Но в те времена там еще не было пшеницы, первые зерна были посеяны негром, прибывшим с Кортесом. Но леса занимали тогда огромные пространства. Впоследствии испанцы вырубили их и этим придали стране пустынный вид, преобладающий в ней в настоящее время.
Здесь хребет Кордильерских гор представляет плоскую горную возвышенность, среди которой лежит знаменитая долина Мексики. Перед взорами путника лежали пять озер, а на берегу самого широкого из них находилась столица Теночтитлан, или Мексика.
Вот сюда-то и спешило теперь войско Кортеса, в числе которого находились и Виллафана, и Рамузио.
Переход через tierra caliente оказался очень тяжелым. Войско, достигнув песчаной области, страдало от жажды. В воздухе царила удушливая жара, и многие тяжело вооруженные воины, упав от изнеможения, отставали от отряда. На счастье, союзный Кортесу индейский город Тласкала находился в недалеком расстоянии, и Сандоваль тотчас послал туда нескольких всадников с поручением добыть для войска освежительные напитки и съестные припасы.
Среди отставших находился и Рамузио, товарищи бросили его на произвол судьбы, при нем остался лишь один Виллафана.
«Этот человек может мне пригодиться, – думал он, – я не дам ему погибнуть. Посланные за напитками должны вернуться сюда к ночи, а в ожидании их мы можем укрыться под сенью какого-нибудь холма».
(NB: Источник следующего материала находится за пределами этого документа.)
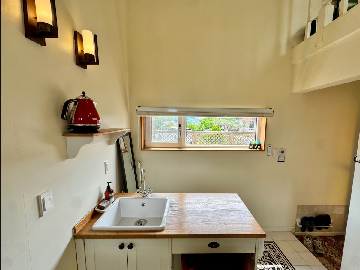 Es befindet sich in Hadori, einer ruhigen ländlichen Stadt im Osten der Insel Jeju. Die Unterkunft ist ein mehrstöckiges Gebäude, daher dürfen Vorschulkinder aus Sicherheitsgründen nicht übernachten. Wenn Sie die Anzahl der Kinder überprüfen, teilen Sie uns bitte per Nachricht mit, ob Sie ein Grundschüler sind. In einer kleinen Stadt namens Hadori führen wir das 'Hadori Small Restaurant' und die Unterkunft 'Pravita' zusammen. Es gibt ein Schutzgebiet für Zugvögel innerhalb von 2-3 Minuten zu Fuß und einen abgelegenen Hado-Strand innerhalb von 10 Minuten zu Fuß, was es zu einem großartigen Ort macht, um einen Morgenspaziergang zu genießen. Seongsan Ilchulbong Peak und Seongsan Port sind 15-20 Minuten mit dem Auto entfernt, was es für Udo und Eastern Travel bequem macht. Aufgrund der Natur der Landschaft können Insekten auftreten. Wenn du Angst vor Insekten hast, gib dies bitte bei der Buchung an. Bitte beachte, dass Rückerstattungen aufgrund von Insekten nicht möglich sind. Wir bereiten ein einfaches Frühstück (Brot, Eier) und Filterkaffee für Sie vor. Bettwäsche wird sowohl im Schlafzimmer im ersten Stock als auch im Schlafzimmer im Dachgeschoss bereitgestellt, und es wird keine zusätzliche Bettwäsche bereitgestellt. ※ Bei Buchung für 5 Personen bereiten wir Bettwäsche für 1 Person separat vor. ※
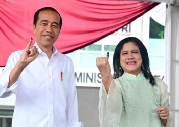 Presiden Joko Widodo didampingi Ibu Iriana Joko Widodo menggunakan hak pilihnya di Tempat Pemungutan Suara (TPS) 10, Kecamatan Gambir, Jakarta ...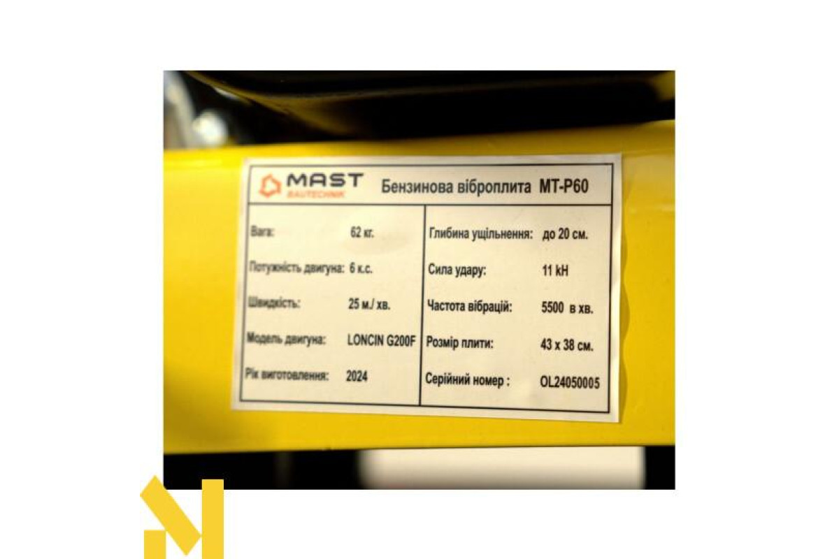 Обладнання виготовлене з високоякісних, зносостійких матеріалів, що гарантує тривалий термін його служби. Компактний розмір, невелика вага та ергономічна ручка для керування забезпечують зручність використання віброплити.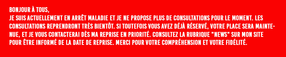 J’ai repris mon activité sur mon site internet ainsi qu’à mon cabinet. Vous pouvez dès à présent réserver en ligne vos consultations pour des soins (médecine chinoise) ou pour des séances de voyance et de médiumnité.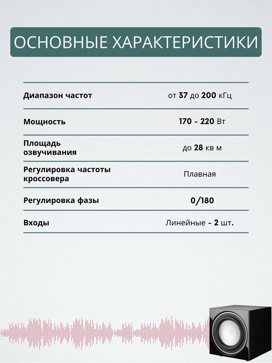 | Частота кроссовера | 40-120 Гц |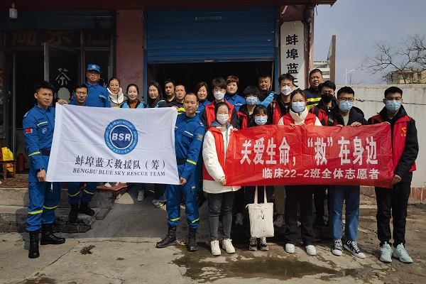 3月18日上午,临床医学22-2班志愿者们来到蚌埠市蓝天救援队本部进行以“关爱生命,‘救’在身边”为主题的活动。志愿者们了解到蓝天救援队是一个社会公益组织,队员们来自社会各个阶层,但在灾难面前都愿意竭尽所能挽救生命。首先蓝天救援队医疗部宣讲师刘霞向志愿者们传授了有关心肺复苏和海姆利克急救法的理论知识,如心肺复苏的黄金救援时间、具体救援流程、救援的细节(按压频率、按压深度、按压次数、按压比例等)以及海姆利克的发力要点、发力方式。理论知识学习结束后,志愿者们在蓝天救援队队员的带领下进行了实际操作,将刚刚学习到的救援知识运用到实际操作中,深刻体会到了救援操作的艰难。

Он поднял Рамузио, взвалил себе на спину и понес в тенистое место. Расстегнув ему одежду, он влил ему в рот несколько капель пульке из имевшейся при нем фляжки. Рамузио открыл на мгновение глаза, но скоро крепко заснул. Виллафана не стал более беспокоить его. «Лучше обождать до заката солнца, – думал он, глядя вслед удаляющемуся отряду, – ночью мы как-нибудь доберемся до Тласкалы».
Едва успело скрыться солнце, как он разбудил своего товарища и, разделив с ним остаток своего пульке, заставил его подняться и идти дальше.
Рамузио не знал, как благодарить его.
– Ты спас мне жизнь, – говорил он, – я никогда не забуду этого.
– Перестань! – возразил Виллафана. – Ведь мы друзья и к тому же находимся в походе. Сегодня ты, завтра я! Правда, – прибавил он, – никто из твоих старых товарищей не позаботился о тебе. Ты, кажется, у них не на хорошем счету. Ну, меня они тоже, кажется, терпеть не могут, а потому я дорожу твоей дружбой.
Да, Виллафана теперь очень дорожил дружбой Рамузио, потому что не знал, какой оборот примет его дело с Авилой.
Авила находился вместе с Альварадо в Теночтитлане. По полученным Кортесом известиям, в бою погибло уже много испанцев, и положение остальных было опасно. Кто мог предвидеть, чем кончится этот поход? Может быть, помощь прибудет поздно? Может быть, весь испанский гарнизон уже перерезан? В таком случае Алонсо Авила также погибнет или погиб уже, и Виллафана легко добудет от Кортеса свидетельство о смерти, по которому получит свою тысячу червонцев.